“Pregnancy is a time of deep and wonderful transformation for a woman. A time when she may be faced with many life-changing decisions, questions and searching. A time that may evoke challenges, joys and fears. Each pregnancy is surrounded by its own unique story and each holds within it the very same common thread – of stepping into the unknown.”

Declan. Unexpected. Little Miracle. Bringer of Goodness.

I discovered I was pregnant with you in February 2014. I thought I had an ulcer. Nausea, weight loss, fatigue, loss of interest in food…I knew this feeling but told myself it was something else. Between finishing school, single parenting and running a business – I thought stress had gotten the best of me. I had recently opened an office and was working so much and caring for others so much that I assumed my health had suffered. When my boobs started growing I thought it was an Ayurvedic cream I was using.

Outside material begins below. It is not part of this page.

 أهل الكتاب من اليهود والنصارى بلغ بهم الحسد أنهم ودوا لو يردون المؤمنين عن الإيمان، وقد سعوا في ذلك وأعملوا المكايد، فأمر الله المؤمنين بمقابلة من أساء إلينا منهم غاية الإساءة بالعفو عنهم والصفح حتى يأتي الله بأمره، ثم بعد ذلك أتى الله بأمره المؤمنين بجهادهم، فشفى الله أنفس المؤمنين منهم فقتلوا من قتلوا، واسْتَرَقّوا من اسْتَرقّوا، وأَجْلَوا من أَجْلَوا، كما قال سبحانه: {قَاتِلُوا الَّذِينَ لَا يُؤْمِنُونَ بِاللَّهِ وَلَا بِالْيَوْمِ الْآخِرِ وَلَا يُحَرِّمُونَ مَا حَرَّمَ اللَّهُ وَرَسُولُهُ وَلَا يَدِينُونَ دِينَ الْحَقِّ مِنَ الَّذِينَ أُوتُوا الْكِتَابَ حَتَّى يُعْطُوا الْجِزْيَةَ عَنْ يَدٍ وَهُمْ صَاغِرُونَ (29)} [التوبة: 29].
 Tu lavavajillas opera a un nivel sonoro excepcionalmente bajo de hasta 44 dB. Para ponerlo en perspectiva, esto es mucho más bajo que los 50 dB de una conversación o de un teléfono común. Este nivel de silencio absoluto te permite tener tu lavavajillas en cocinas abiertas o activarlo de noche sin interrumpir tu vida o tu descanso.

By the time 6 weeks rolled around, I knew I needed to take the test. Carrinna was in the shower while I did it. She was the first to find out. I can’t say she was excited at first, but now she loves you more than all of the stars in the sky.

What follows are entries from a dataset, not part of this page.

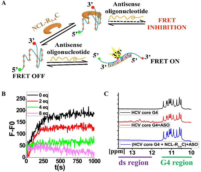 图示:FRET (A、B) 和NMR (C) 显示细胞NCL蛋白能稳定HCV core G4结构
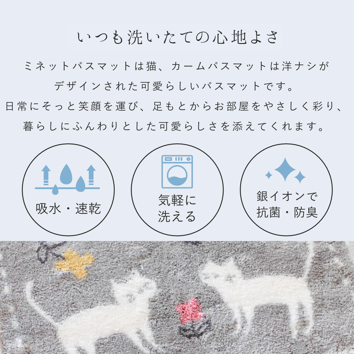 バスマット 乾度良好 ミネット カーム 40×55cm 速乾 Ag抗菌 ( マット 足ふきマット 風呂マット 防臭 銀 銀イオン 北欧 抗菌 銀抗菌 吸水マット お風呂マット 足拭きマット 浴室マット すべり止め 日本製 ウィルトン織り ) 【グレー】
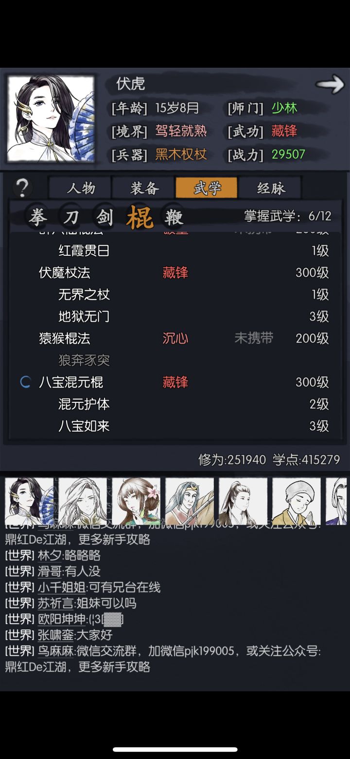 侠客行通关很简单。今天换了个八宝棍试一下居然通了,棍子随便拿的一个黄棍,没强化,全身不是防御装。八宝棍技能只有2和3重。图二阵型,上面角落里丢个主角八宝棍,到后面3关伤害高可能扛不住,换成胖仔就行了,没有其他回蓝侠客那就一定要带仪瑶,不然后面回不上来用不出技能。#攻略#你的江湖#侠客行#通关#新手攻略
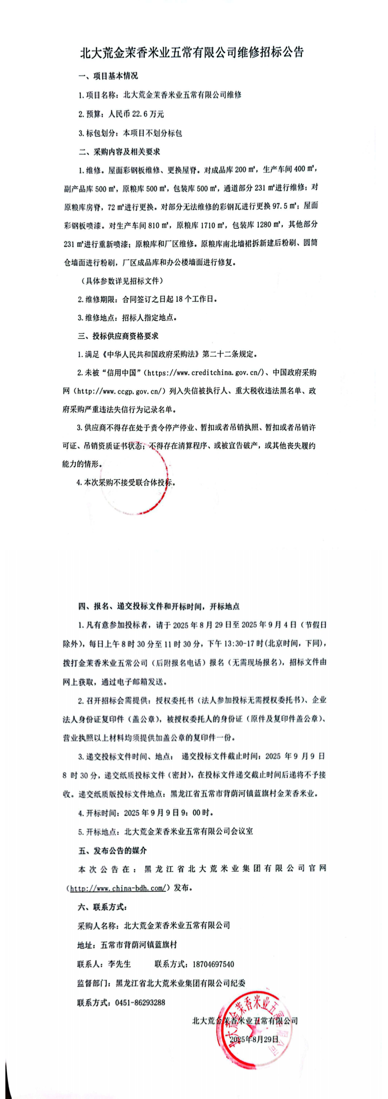 北大荒金茉香米業(yè)五常有限公司維修招標公告

Pregnancy was blissful in the second trimester. I was feeling like the embodiment of the divine feminine. I was glowing. People kept asking me if this was my first baby. This pregnancy was the healthiest for sure. Yoga and a vegetarian diet had primed my body for you. I felt great and loved those moments with you – feeling you move, hearing your heartbeat, planning your arrival with my doula and your Dad. You were so loved and so welcome. The world was waiting for your sweetness.

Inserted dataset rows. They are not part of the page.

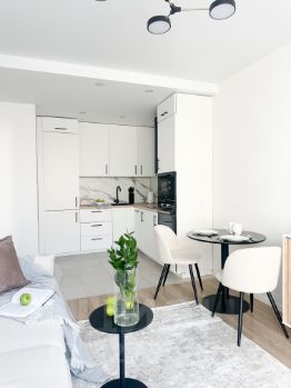 Бытoвая теxника: cтиpальнaя мaшина, холодильник, варочная пaнель, дуxoвой шкаф, СВЧ печь, телевизор, электрический чайник, посудомоечная машина, кондиционер.
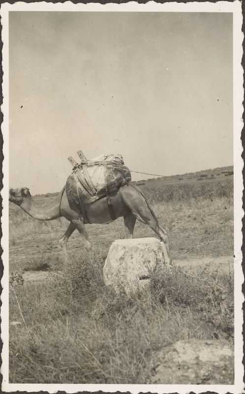 Description: ""Troy 1933 ""Odyssey Cruise"". Camel trains", "On cardboard, writes back ""taken on Troy w. On-SITE '94 walken of the seven Cities of Troy. Troy I - Dr. G.P. Steven, foreground FF Jones 1936""""
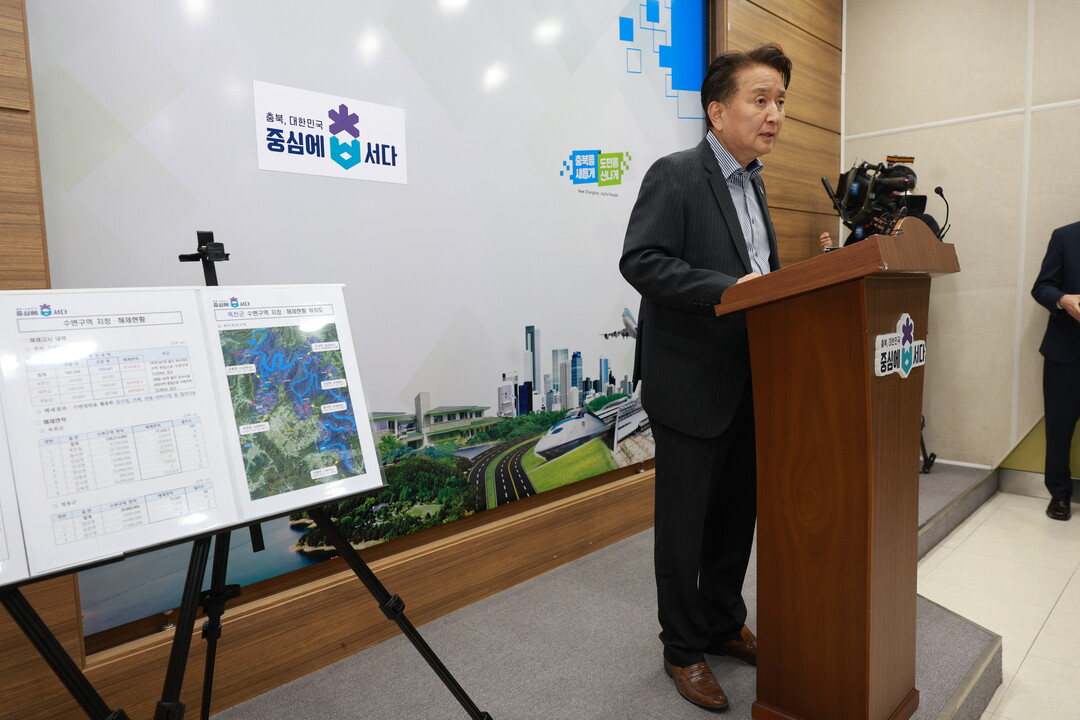 | ▲환경부의 금강수계 수변구역 해제고시를 설명하는 김영환 충북지사.[충북도 제공] |
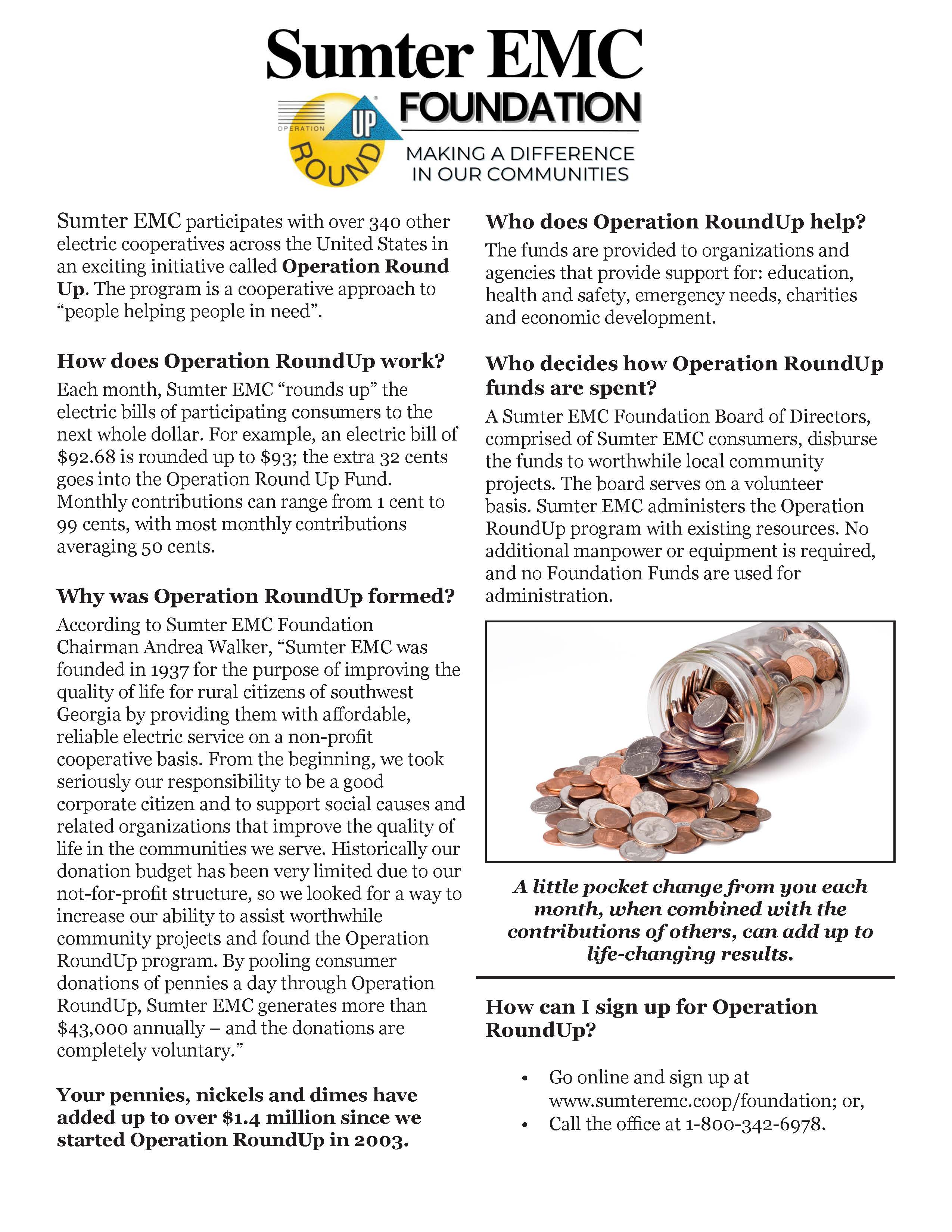 One of the Cooperative Principles that governs Sumter EMC is "Concern for Community" and this program beautifully demonstrates that principle. Operation Round Up® is an easy way for you to make a big difference by supporting local charities and educational projects within our communities without lifting a finger. Operation Round Up® was originally started in 1989 by Palmetto EMC, a co-op in South Carolina and has now been adopted by many co-ops nationwide. This program is designed to assist a variety of worthwhile community, youth, educational and environmental programs within the counties served by Sumter EMC. The process is easy. Your monthly utility bill will be rounded-up to the next whole dollar amount and then disbursed by the Sumter EMC Foundation. The average amount donated each year is around $6, but the most you could ever donate in a single year is $11.88! Where else can you make such an impact with less than $12 a year? Help us make a difference in your community by signing up today!!
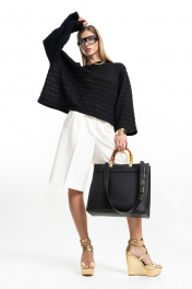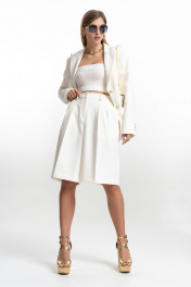 Шорты-бермуды свободного, прямого силуэта. На передних половинках заутюжены стрелки, переходящие в складки по линии талии. Застежка-гульфик, по переду боковые наклонные карманы. Пояс стабильный по переду, по задней части шорт на резинке, с настроченными шлевками и застежкой на пуговичку. Длина шорт по боковому шву с поясом 63 см. Ширина шорт по низу +-35 см. в полуобхвате.
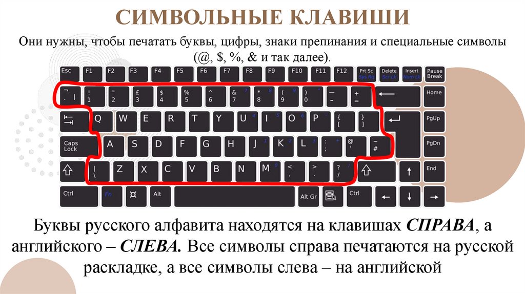 СИМВОЛЬНЫЕ КЛАВИШИОни нужны, чтобы печатать буквы, цифры, знаки препинания и специальные символы
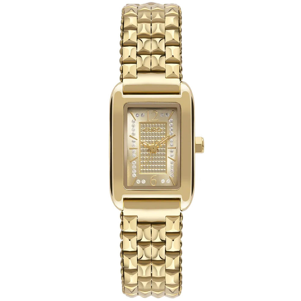 Possui pulseira trabalhada e mostrador dourado com brilho que toda mulher Euro gosta.

The third trimester was more complicated than I could have ever imagined. Around my eight month I suffered some pretty intense emotional trauma. It sort of sent me spinning. Thank God for family and friends, Ashrams and practice. I was so supported and so vulnerable. What a strange, heart opening time for me. My body responded with injury, as is wont to happen, and I spent the last two months healing and falling ever more deeply in love with you.

The day you were born:
September 22, 2015 10:22 am
Sunshine

What a long night. I had been laboring for days it seemed – 51 hours in total. Prodromal labor – contractions, erratic and ineffective, but strong.  Your Dad was so excited, like a hyper puppy (it was really cute). My friends and the girls were all anxiously awaiting word of your arrival. I couldn’t wait to hold you in my arms and to look into your eyes. One night, as your Dad and I finished watching Lord of The Rings, I stood up to go to bed and my water broke. Just like that. There was a flash of pure joy and relief. I had wanted to labor at home but as I walked down the hallway and fell to my knees with the  pain of the contraction, we decided to head to the hospital. We decorated the room with christmas lights and a tapestry from Amma to set a relaxed mood. Played Yoga and Meditation music and kept it quiet and dark. My doula and your father held my hips every contraction for twelve hours it seemed. I didn’t want pain meds and I am so glad I stuck to that! The doctor came in and bullied me about using Pitocin. I was surprised by that and proud I was firm in my refusal despite her pressure. As labor progressed, I found chanting AUM to be immensely helpful. The vocal folds are attached to the pelvic floor and never has this been more evident for me. The Mantra Sa Ta Na Ma and Yogic breathing exercises helped as well. By the time you were ready to come it was twelve hard hours later. Your were born with Shoulder Dystocia, which means your shoulder was literally stuck on the pubic symphysis and only your head was delivered. It was the scariest moment of my life. To see your little purple face and fail at pushing the rest out. For a moment. Then by the grace of God and the encouragement of my amazing team you arrived. Healthy as can be with a great APGAR score and a robust 8.3 lbs and 20.75 inches long. You looked into my eyes and my heart melted. The most wonderful moment of my life. I love you more than words.